O Congresso Nacional vai definir ainda este ano o futuro do Fundeb, o Fundo de Manutenção e Desenvolvimento da Educação Básica. O Fundo é a principal fonte de financiamento da educação no Brasil e tem prazo de validade: deixa de existir em 31 de dezembro. Se acabar sem um mecanismo que o substitua, a perda é grande: o estado do Piauí deixaria de receber, só em recurso complementar, cerca de R$ 700 milhões, valor aproximado recebido pelo estado em 2019.

O Fundeb foi criado (ainda como Fundef) no governo Fernando Henrique, sendo modificado (e ampliado) no governo Lula. Passou por diversas mudanças até o formato atual, aprovado em 2007, com prazo de validade: duraria 14 anos – ou seja, acaba em 31 de dezembro deste ano.

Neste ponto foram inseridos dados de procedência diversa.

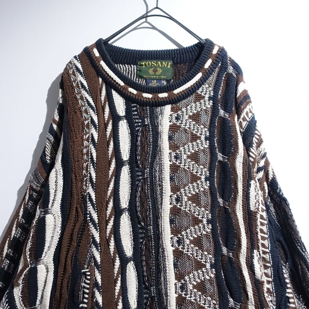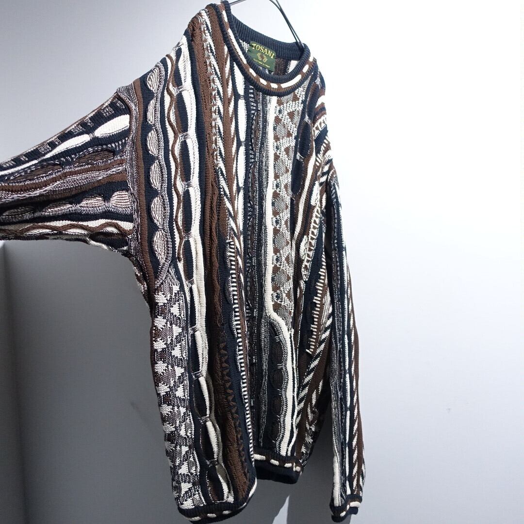 90s "TOSANI" Multicolor 3D Pattern Design Cotton Knit
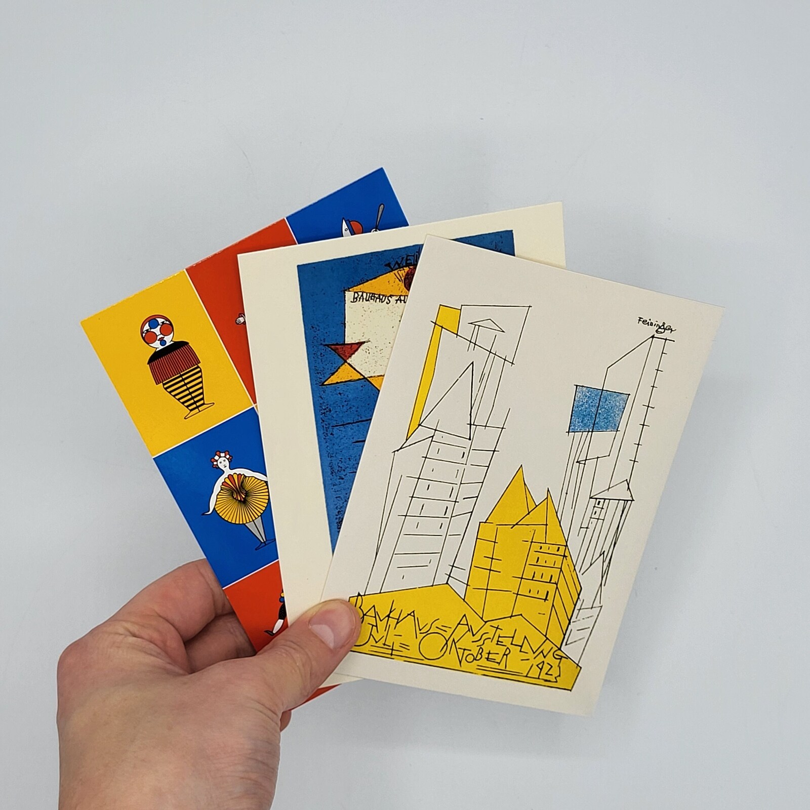 Die Postkarten zeigen markante Motive aus der Bauhaus-Ära – gestaltet von prägenden Künstlern wie Lyonel Feininger, Oskar Schlemmer, Paul Klee und anderen. Die Karten zeigen typische Bauhaus-Gestaltungen: klare Linien, reduzierte Formen und starke Farbkontraste. Jede Karte bringt ein Stück Designgeschichte mit – sei es als Gruß, Sammlerstück oder dekoratives Element. Ideal für alle, die die Ästhetik der klassischen Moderne schätzen.

O Fundeb é composto por 20% das receitas constitucionais dos três níveis administrativos (União, estados e municípios) e envolve recursos, entre outros, do IR, ICMS, IPVA e FPM.

A distribuição dos recursos desse bolo todo é feita entre os 26 estados, o DF e os quase 5.600 municípios, de acordo com o número de alunos da Educação Básica (Educação Infantil, Fundamental e Médio), conforme o Censo Escolar do ano anterior. Nos estados mais pobres, o gasto médio por aluno precisa de complemento. É onde o Fundo se torna fundamental como financiador. O Piauí é um bom exemplo: em 2019, o repasse normal contabilizou R$ 2,24 bilhões e o complemento somou R$ 695 milhões. Esse dinheiro pode evaporar, caso não seja criado um outro mecanismo de financiamento.

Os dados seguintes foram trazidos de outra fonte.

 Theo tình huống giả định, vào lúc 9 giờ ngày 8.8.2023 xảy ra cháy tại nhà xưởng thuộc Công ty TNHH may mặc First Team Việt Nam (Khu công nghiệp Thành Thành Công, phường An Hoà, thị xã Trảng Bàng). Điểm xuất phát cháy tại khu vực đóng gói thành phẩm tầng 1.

O tema está em discussão no Congresso e os estados que carecem de complemento – como o Piauí – não podem dormir no ponto.

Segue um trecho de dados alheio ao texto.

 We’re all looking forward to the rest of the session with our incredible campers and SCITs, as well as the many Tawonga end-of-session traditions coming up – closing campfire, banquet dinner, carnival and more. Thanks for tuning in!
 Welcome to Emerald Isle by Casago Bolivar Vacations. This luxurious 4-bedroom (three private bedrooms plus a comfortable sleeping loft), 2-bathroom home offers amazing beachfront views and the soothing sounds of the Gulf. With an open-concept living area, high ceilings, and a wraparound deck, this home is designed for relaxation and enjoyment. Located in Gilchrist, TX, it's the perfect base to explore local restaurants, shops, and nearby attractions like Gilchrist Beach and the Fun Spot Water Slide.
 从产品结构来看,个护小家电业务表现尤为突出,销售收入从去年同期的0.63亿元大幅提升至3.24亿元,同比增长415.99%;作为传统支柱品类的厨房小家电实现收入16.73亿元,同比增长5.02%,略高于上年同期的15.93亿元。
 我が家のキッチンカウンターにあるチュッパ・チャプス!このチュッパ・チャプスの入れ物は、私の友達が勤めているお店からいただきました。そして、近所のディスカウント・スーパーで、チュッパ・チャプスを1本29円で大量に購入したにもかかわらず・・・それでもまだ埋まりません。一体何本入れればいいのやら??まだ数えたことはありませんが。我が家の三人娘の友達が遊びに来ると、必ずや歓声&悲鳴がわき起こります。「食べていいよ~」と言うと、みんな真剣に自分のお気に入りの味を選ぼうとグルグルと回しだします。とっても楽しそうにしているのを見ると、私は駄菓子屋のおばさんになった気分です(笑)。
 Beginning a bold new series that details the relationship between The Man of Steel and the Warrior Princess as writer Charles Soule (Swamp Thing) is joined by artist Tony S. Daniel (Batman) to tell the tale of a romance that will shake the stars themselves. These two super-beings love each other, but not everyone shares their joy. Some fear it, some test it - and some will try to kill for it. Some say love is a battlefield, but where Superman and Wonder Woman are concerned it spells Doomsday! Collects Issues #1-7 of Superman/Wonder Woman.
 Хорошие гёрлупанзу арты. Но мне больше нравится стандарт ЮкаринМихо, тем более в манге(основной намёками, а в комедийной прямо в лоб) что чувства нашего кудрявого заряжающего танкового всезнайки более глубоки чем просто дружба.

Norte e Nordeste precisam do Fundo

A discussão sobre a renovação do Fundeb é de especial interesse do Norte e Nordeste. No ano passado, nove unidades precisaram de complemento, todos nas duas regiões: no Nordeste, os estados do Piauí, Maranhão, Ceará, Paraíba, Pernambuco, Alagoas e Bahia; no Norte, os estados do Pará e Amazonas. Isso quer dizer que o Fundeb funciona como um importante instrumento de compensação e de redução de desigualdades.

Mas essa realidade também quer dizer outra coisa: a discussão pode não empolgar as demais unidades, que não dependem tanto do fundo como essas nove que recebem recursos complementares. O problema é que o debate sobre a renovação do Fundeb está um tanto morno no Congresso. Diversas emendas constitucionais tratam do tema, quase todas tornando o Fundo permanente. O presidente da Câmara, Rodrigo Maia, quer chegar a uma proposta comum e levar para votação em plenário ainda este semestre.

O Senado faria a sua parte no segundo semestre, para não deixar a educação sem cobertura em 2021.